DATA PROVIDED:
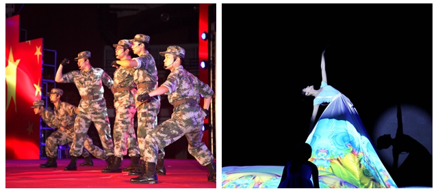 相识北理工,青春梦飞扬。在开场舞《拥抱新时代》中,各学院毕业生代表以走秀的形式闪亮登场,在巨幅校旗的覆盖下,同学们脱下学位服,亮出各具特色的毕业文化衫,象征着走出母校,走上建功立业的新征程。近两届深秋歌会中脱颖而出的校园歌手在情景歌舞《印象•北理工》中,演绎了同学们从入学到毕业的经典场景。留学生代表带来的舞蹈《宝莱坞》,既反映了留学生在北理工校园学习实践成长的经历,更反映了学校积极服务“一带一路”等国家重大战略、加强国际交流合作的丰硕成果。
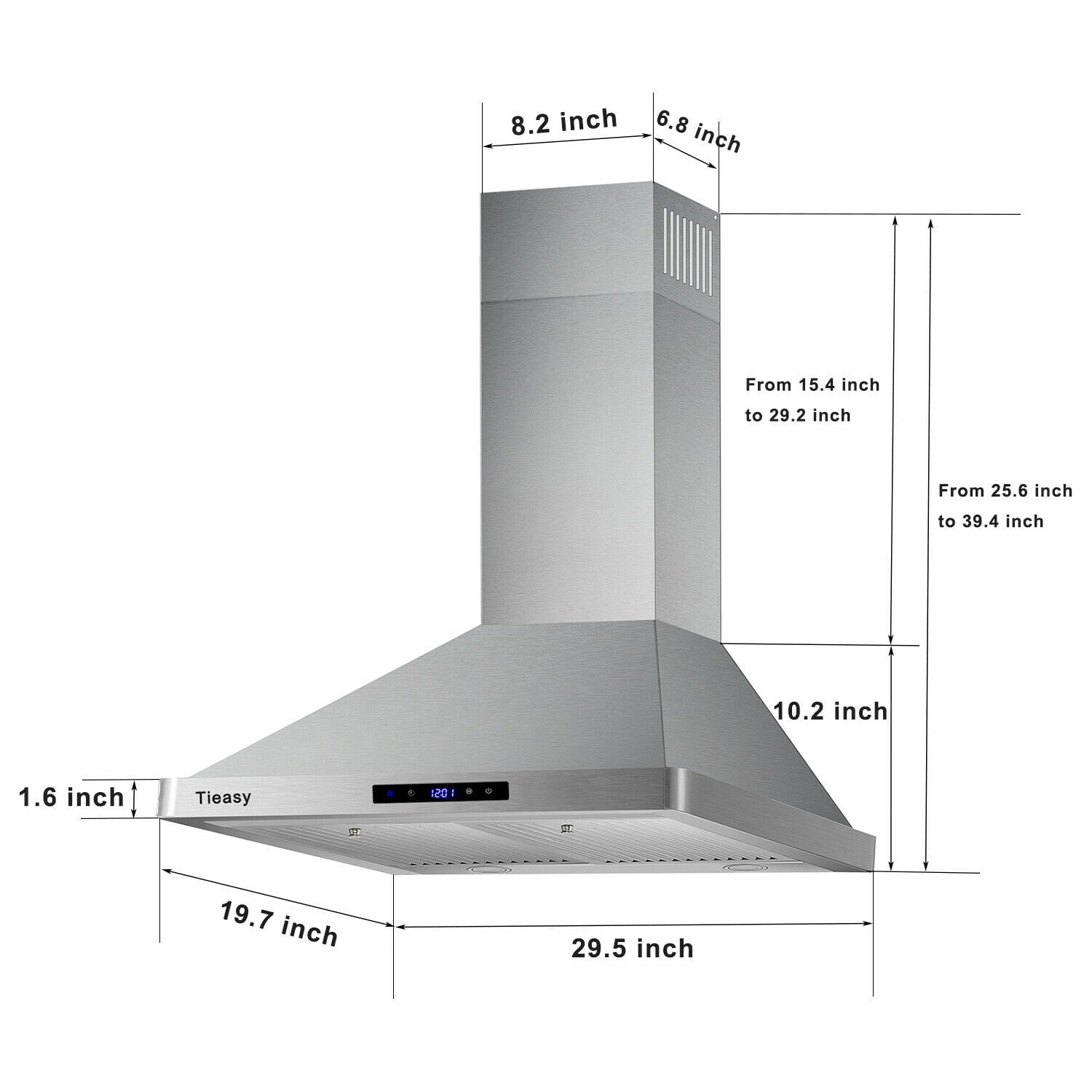 Range hood come equipped with everything needed to easily install and use, including two 15.7-inch telescoping chimney pieces, allowing a fit for most ceilings between 7.5 and 8.5 feet.
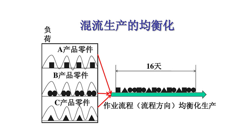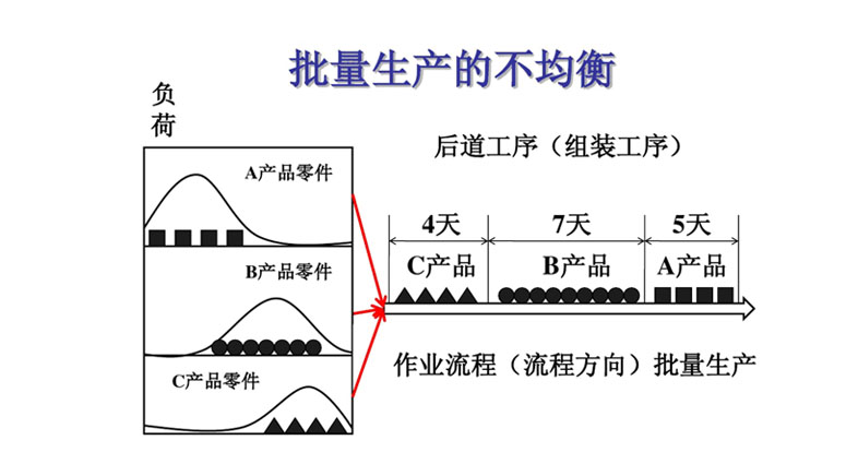 2、即使客户的订单是有波动的,若厂商在生产了4天C产品后才收到客户通知减少本月C产品的供货量,此时厂商的C产品并未过量生产,可对生产量进行实时灵活调整。因此均衡化生产可有效地适应多品种生产,能有效地减少交期,也可有效地减少因为客户需求波动引起的内部混乱。节拍时间规定生产步调以匹配客户需求速率,是整个生产系统的“定调者”。均衡生产通过将周期时间与节拍时间匹配,使生产系统的能力与客户的需求匹配,且在整个流程中找到“定拍工序”。由于均衡生产无形中增加了换线的次数,因此实现快速换模是均衡生产的重要前提。在此基础上,确定pitch time(一般以标准容器的量来计算),再结合均衡柜和看板实现均衡生产。

ABOUT THIS EXERCISE: Set out nothing but the lines from the line with "Range hood come" through the end of the material, reproduced exactly, both ends included, pictures omitted.

REPLY:
 Range hood come equipped with everything needed to easily install and use, including two 15.7-inch telescoping chimney pieces, allowing a fit for most ceilings between 7.5 and 8.5 feet.
 2、即使客户的订单是有波动的,若厂商在生产了4天C产品后才收到客户通知减少本月C产品的供货量,此时厂商的C产品并未过量生产,可对生产量进行实时灵活调整。因此均衡化生产可有效地适应多品种生产,能有效地减少交期,也可有效地减少因为客户需求波动引起的内部混乱。节拍时间规定生产步调以匹配客户需求速率,是整个生产系统的“定调者”。均衡生产通过将周期时间与节拍时间匹配,使生产系统的能力与客户的需求匹配,且在整个流程中找到“定拍工序”。由于均衡生产无形中增加了换线的次数,因此实现快速换模是均衡生产的重要前提。在此基础上,确定pitch time(一般以标准容器的量来计算),再结合均衡柜和看板实现均衡生产。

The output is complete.